[Data extract]
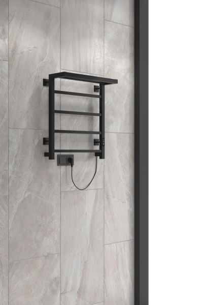 Полотенцесушитель электрический Indigo Forma LEF60-50BRRt с полкой 60x50 см чёрный муар
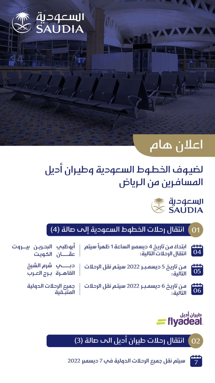 انتقال كافة رحلات مجموعة الخطوط السعودية الدولية بمطار الملك خالد الدولي بالرياض إلى صالتي السفر 3 و 4
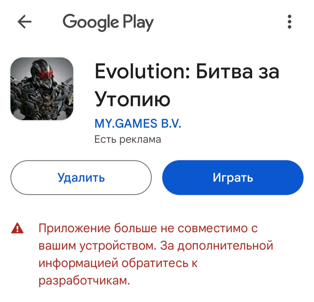 1. Столкнувшись с проблемой, я безуспешно пытался отключать Интернет, врубать VPN, чистить кэш (предварительно сделав его резервную копию в отдельную папку). Ожидаемо, это проблему не решило, а потому игру с телефона снёс, оставив кэш в отдельной папке. При этом игру с Play Market поставить вновь не мог, так как в приложении она не находилась, а при попытке открыть в браузере (с VPN) я видел абсурдное сообщение с приложенного скрина о том, что игра на моём устройстве не поддерживается, хотя до этого я спокойно в неё гамал, попутно снимая видосы — проблем с железом точно не было. Короче, в этот момент я сразу понял, что Play Market мне не поможет.
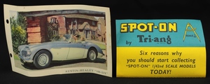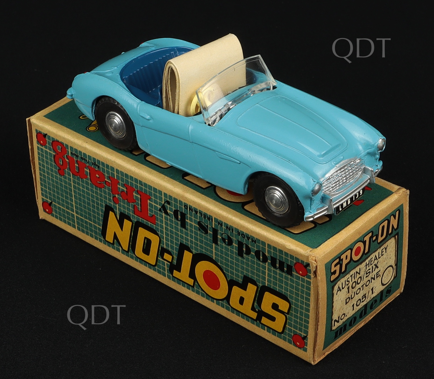 Austin-Healey "100-SIX" by Spot-on Models 105/1. Scarce MID-BLUE version, deep blue interior. Very, very near mint/boxed, with packing wedge, Collector's Card & promotional leaflet. An outstanding example! From The Tiverton Collection, a single-owner from new collection. Starting bid £350. Please note that QDT apply 12.5% buyer's commission.
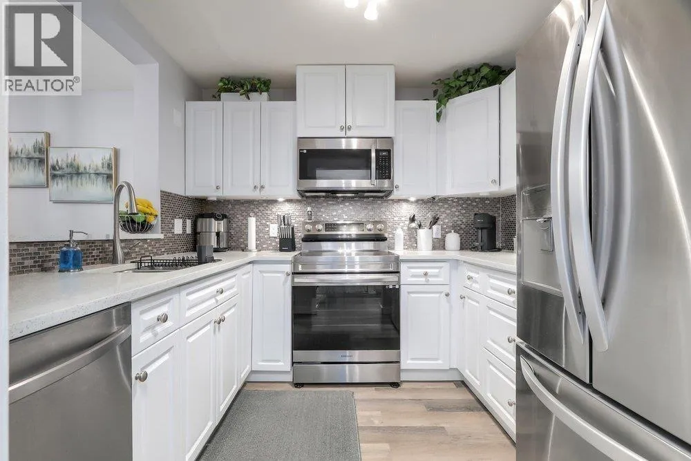 The JEFFERSON! This bright and inviting open-concept unit boasts plenty of great features. Top floor, beautifully renovated, 1 bedroom unit with high ceiling. Great neighborhood and great unit. Location close to city center and skytrain, walking trail located next to the complex. by appointment only. 1 parking 1 locker. Skylight at entrance of the unit. Strata has a GYM and enclosed bike room. (id:27476)
[/Data extract]
### Your instructions:
The answer must be an exact copy of the lines from the start of the records above through the line containing "12.5% buyer's commission.", with no pictures in it.

### Answer to the exercise:
 Полотенцесушитель электрический Indigo Forma LEF60-50BRRt с полкой 60x50 см чёрный муар
 انتقال كافة رحلات مجموعة الخطوط السعودية الدولية بمطار الملك خالد الدولي بالرياض إلى صالتي السفر 3 و 4
 1. Столкнувшись с проблемой, я безуспешно пытался отключать Интернет, врубать VPN, чистить кэш (предварительно сделав его резервную копию в отдельную папку). Ожидаемо, это проблему не решило, а потому игру с телефона снёс, оставив кэш в отдельной папке. При этом игру с Play Market поставить вновь не мог, так как в приложении она не находилась, а при попытке открыть в браузере (с VPN) я видел абсурдное сообщение с приложенного скрина о том, что игра на моём устройстве не поддерживается, хотя до этого я спокойно в неё гамал, попутно снимая видосы — проблем с железом точно не было. Короче, в этот момент я сразу понял, что Play Market мне не поможет.
 Austin-Healey "100-SIX" by Spot-on Models 105/1. Scarce MID-BLUE version, deep blue interior. Very, very near mint/boxed, with packing wedge, Collector's Card & promotional leaflet. An outstanding example! From The Tiverton Collection, a single-owner from new collection. Starting bid £350. Please note that QDT apply 12.5% buyer's commission.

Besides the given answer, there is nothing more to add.